The other day on Sue's website there was a spirited discussion (and I'll admit, I started it!) about convenience foods. Related thoughts have been running around in my head since then so I thought I would write a bit about my feelings on convenience foods here.

The food in question was Swiss Chalet chicken. My thought: ick. I posted something to that effect, saying a home-roasted, organic free-range chicken would be soooo much tastier. Someone else said sure, but it's nowhere near as convenient. (I think that's arguable, given how little time it takes to prep a chicken for the oven, but ok...)

So the problem du jour is, is convenience a justifiable rationale for a food choice? I think that's debatable, but it depends on the food. I guess a better question is, is convenience a justifiable rationale for a food choice that's bad in pretty much every other way? (ie, nutrition, general ethics.)

Last night I experimented with this idea. We are getting ready for a camping trip and I was tired and didn't feel like cooking much, so I stopped by the deli counter at Thrifty's. I picked up 2 chicken legs, some macaroni salad, some marinated veggies and some greek baked beans. So, not terribly heinous choices, nutrition-wise. It couldn't have been any faster, since I had to pick up some groceries anyway. And it was relatively inexpensive. But was it worth it?

Well, the chicken was god-awful. Cooked the right amount, I'll give them that, but the skin was too salty, the flesh completely tasteless, and it was tough and chewy to boot. Bleh. The macaroni salad tasted good for the first few bites and then left a nasty, almost metallic aftertaste that required significant dosing with potato chips to banish. The vegetables were fine, nothing to complain about but nothing to be excited about either. The greek baked beans were initially tasty, but the sauce got too strong the more I ate them, although I did like the dill in them.

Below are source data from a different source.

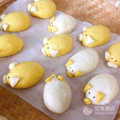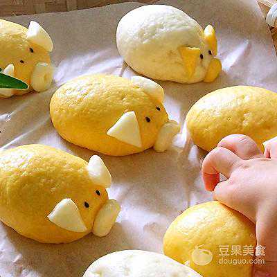 你被它萌化了吗?详细步骤就不写奶黄馅制作步骤了,请参考我发布的菜谱奶黄包做法。这里顺便带过。奶黄馅馅料:黄油50克,砂糖50克,鸡蛋2个,牛奶50克,澄粉50克,吉士粉10克。奶黄馅做法:黄油软化后,加入砂糖拌匀。分三次加入鸡蛋液拌匀,加入牛奶搅拌均匀,筛入面粉搅拌至顺滑无颗粒。上锅蒸15分钟,蒸制期间不停用筷子搅拌均匀,以便完全蒸熟。蒸好后完全冷却,放冷冻20分钟。
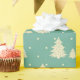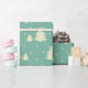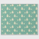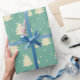 Retro, mid-century vintage pattern of winter tree silhouettes and snow dots on pastel turquoise background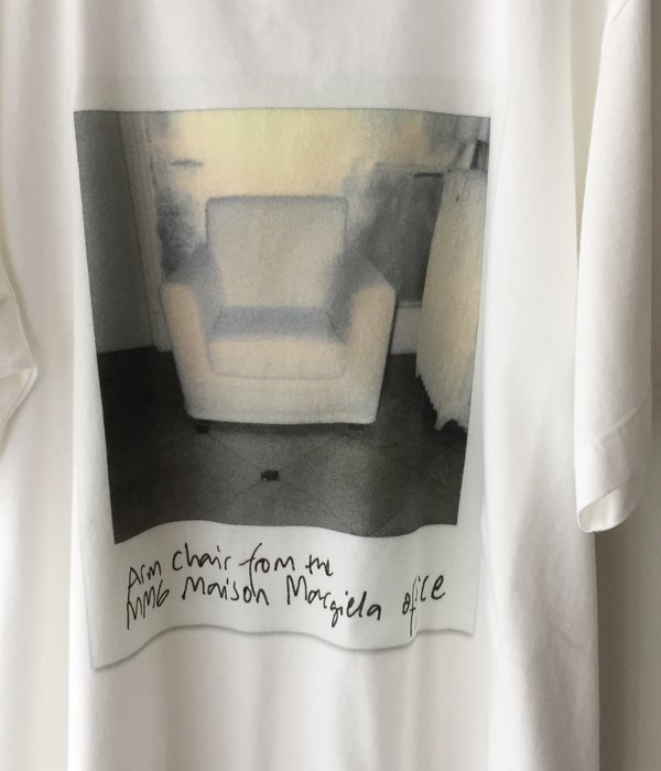 メゾンのオフィスにあるアームチェアーを写したポラロイド写真がプリントされたS/S TEE。質の良いコットンを使い着心地はふわっと滑らか。ビッグシルエットながら野暮ったくならないパターンメイキングはマルジェラだからこそ成せる業、と思わせてくれます。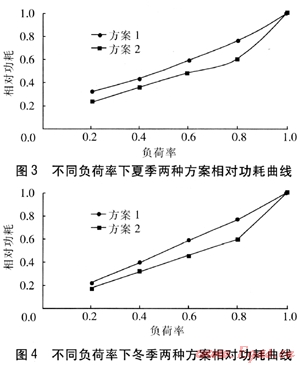 不同負(fù)荷率下夏季兩種方案相對功耗曲線見圖3,以夏季100%負(fù)荷率下的功耗作為計算基礎(chǔ)。由圖3可知,夏季,方案1的相對功耗與負(fù)荷率近似呈線性關(guān)系。方案2在負(fù)荷率為0.2~0.8范圍內(nèi),其相對功耗與負(fù)荷率也具有近似線性關(guān)系。在負(fù)荷率為0.8~1.0范圍內(nèi),其相對功耗發(fā)生劇烈變化,即負(fù)荷率為0.8是方案2相對功耗曲線的拐點。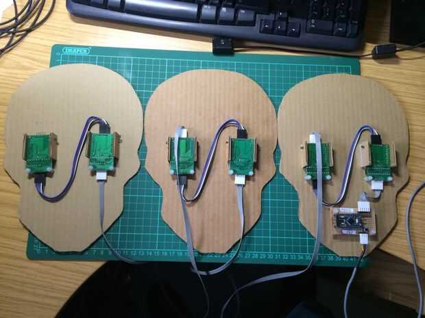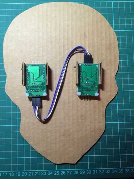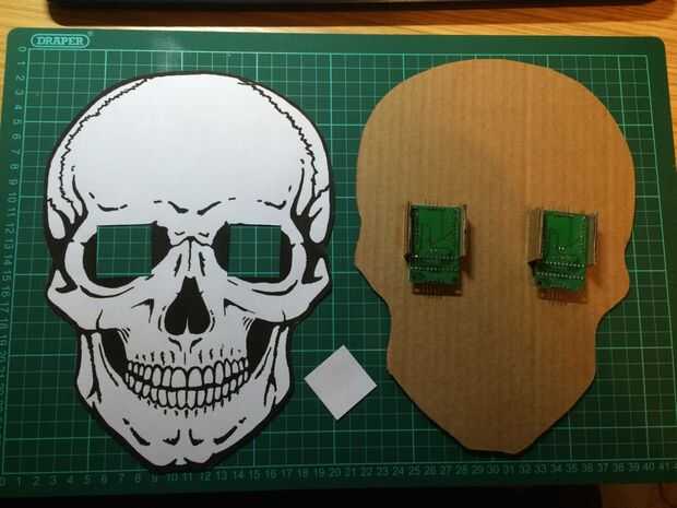 Aperturas para las matrices de formado para alinear con las tomas del cráneo y sujetados a la máscara con separadores de plástico de 10 mm M3. Estos se atornillan al cartón utilizando tornillos de cabeza avellanada de nylon para no desplazar la imagen del cráneo. Para detener la cada matriz de 'flopping' remite como se fijaban solamente en la base de cada PCB un pequeño trozo de alambre de jardín fue alimentada por la izquierda y derecha, ubicar las piezas sobre el PCB y en el conector molex.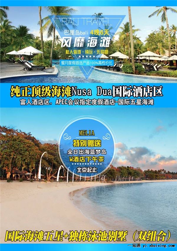 【风靡海滩蜜月巴厘岛】-4晚6天- 纯玩无购物 “W”酒店海景下午茶 + 出海蓝梦岛+ 巧克力SPA 最蜜月:保证2晚国际五星海滩酒店“MELIA”直飞 《蜜月首选,纯玩无购物,独栋泳池别墅 + 海滩酒店蜜月组合》 【行程包含】- 水上中心南湾、玻璃底船、海龟岛 【行程包含】- 出海“蓝梦岛”一日游(快艇出海含午餐) 【行程包含】- 乌鲁瓦图庙 “情人崖”180度海景 【行程包含】- 顶级酒店集团“W酒店”海景下午茶(新升级) 【行程包含】- 明星“蜜月双人巧克力SPA” 【行程包含】- 攻略著名景点“海神庙”、金巴兰海滩 【行程包含】- KUTA海滩、洋人街 【正餐包含】- 中式料理、印尼风味自助餐、金巴兰海鲜BBQ 住宿:2晚国际五星海滩酒店 + 2晚独栋泳池别墅 热门:蓝点玻璃教堂下午茶 + 蓝梦岛一日游 + 双人巧克力SPA TOP最蜜月: 保证2晚国际五星海滩酒店MELIA” 《完美蜜月之选,2晚泳池独栋别墅+ 国际五星海滩酒店+蓝点教堂》 【行程包含】- 出海“蓝梦岛”一日游 【行程包含】- 乌鲁瓦图庙、经典景点“情人崖” 【行程包含】- 浪漫“W酒店海景下午茶” 【行程包含】- 明星“蜜月巧克力SPA” 【行程包含】- 最美金巴兰海滩看日落 【行程包含】- 攻略著名景点“海神庙” 【行程包含】- KUTA海滩、洋人街日期/行程 行 程 内 容

I would not make that choice again, I think. Even with nutrition out of the picture, I still don't think I could justify doing that sort of damage to my tastebuds for the sake of convenience again. I will remember that, and I will remember that Stirling can always take chicken out of the freezer in the afternoon, and it takes about 5 minutes to chop up some rosemary, lemon zest and garlic, toss it with the chicken and throw it in the oven. And maybe then I could easily justify the "convenience" of forgoing a salad in favour of throwing some frozen peas in some water, and cooking white rice instead of brown because it's faster.

Now, as for people who justify eating at McDonald's because it's convenient, that's just complete crap. I'm not going to get into that.

I guess the lesson for the day is that there are three factors in every decision: cheap, fast and good. With food, as with most other things in life, the most you will get is 2 out of 3. Personally, I will opt for any combination that includes "good", but good also has to encompass taste AND nutrition. So there will be no more deli-counter meals for me (except maybe from La Collina. Which is not cheap.)

1 Comments:

Blogger Sue said...

Let it be stated for the record that I don't eat Swiss Chalet because it's convenient. In fact, it's damned inconvenient because it takes an hour to arrive. It's also nowhere near as cheap as getting my own bird and tossing it in the oven. I like Swiss Chalet purely for nostalgic purposes. I also only eat it about once a year, because it's hella salty and fatty. It sure beats the crap outta KFC, however.

But as to the matter of taste in this post of yours... I think we all develop standards of what we like to eat. Your lifestyle choice is to cook a lot of food for yourself, and you betcha that's going to taste better (esp. cuz you're a kickass cook) than anything prepared in mass quantities. You also ENJOY cooking at home, more than a lot of people do, I'd say. So for you, there's no doubt that "convenience" foods are a drastic step down in quality and cost.

For me? Some things at Thrifty's are good. Some things aren't. In my case, the food I get from the deli is usually a more nutritious choice than what I might pick up at a fast food restaurant. On nights when I have rowing practice and Artos runs, and a home-cooked meal simply isn't in the cards, then eating deli-cooked food is my best option.